Cuántas veces la presión social sobre ciertas personas termina llevándolas a decisiones de vida irrevocables. La sociedad no se da cuenta de lo que las burlas que se hacen por la manera de hablar, caminar, vestir, amar o ser amado, por el lugar donde nació o por el lugar de culto que frecuenta, pueden afectar a una persona.

Los adultos estamos indignados por el matoneo a nuestros niños en los colegios, pero muchos no se dan cuenta de que hacen lo mismo (matoneo) con quienes les rodean, y eso enseñan a los niños: que fulanito habla como una mujer o fulanita como un hombre; que se viste así o asá; que el caminado tal cosa; que la piel brilla así o el color es asá; que usa indumentarias distintas, algún colgandejo en el pecho, en las orejas, o cualquier cosa que, a juicio de ese adulto irrespetuoso, no se ubique dentro de los parámetros con los que, él mismo, entiende la vida.

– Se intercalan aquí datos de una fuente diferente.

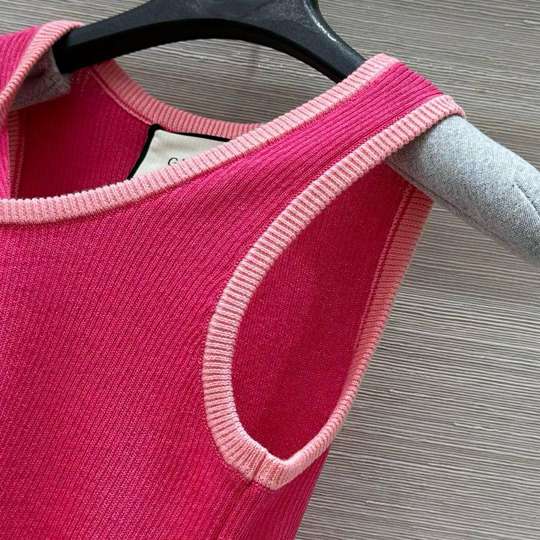 Майка Gucci LUX-115991 – воплощение элегантности и стиля. Розовая майка с круглым вырезом и контрастной отделкой, подчеркивающей силуэт, идеально подойдет для создания стильного образа. Классический фасон майки дополнен небольшим логотипом бренда спереди.

Lo que se sale del cuadrito desde el que miran el mundo es, para muchos, motivo de señalamiento o burla: el chiste del boquineto, del cojo, del afeminado, del negro, del borracho o de la mujer despectivamente llamada marimacho. Mientras por un lado esas burlas ‘animan’ las fiestas de muchos, por otro lado generan heridas en algunos corazones y perpetúan la discriminación y el matoneo social que termina destruyendo personas y familias.

Muchos alardean de ser pluralistas, democráticos, tolerantes y caritativos, pero no dimensionan el daño con los comentarios, miradas, chismorreos y aspavientos cuando alguien no encuadra en su particular manera de entender la vida.

Esa burla permanente de la sociedad está haciendo que algunas personas no aguanten la presión social y tomen decisiones nefastas, que después son lamentadas hipócritamente por los burladores o por quienes se ‘escandalizaron’ de algo que de esa persona no les ‘cuadraba’.

El matoneo en los colegios no es otra cosa que el comportamiento aprendido de los mayores: burlarse del que tiene algo diferente o no cumple con los estándares del grupo.

La masa siempre ha pretendido masificar a los individuos para que piensen y se comporten igual, de tal manera que nadie se salga del rebaño uniformado. Y las personas que piensan o actúan o sienten o viven de otra manera son vistos con tal discriminación y burla, que algunos no alcanzan a sobrellevar ese peso despótico y optan por una salida que en su momento consideran única: la muerte. Y la despiadada sociedad, culpable de esa muerte, ni se percata de su participación en ella.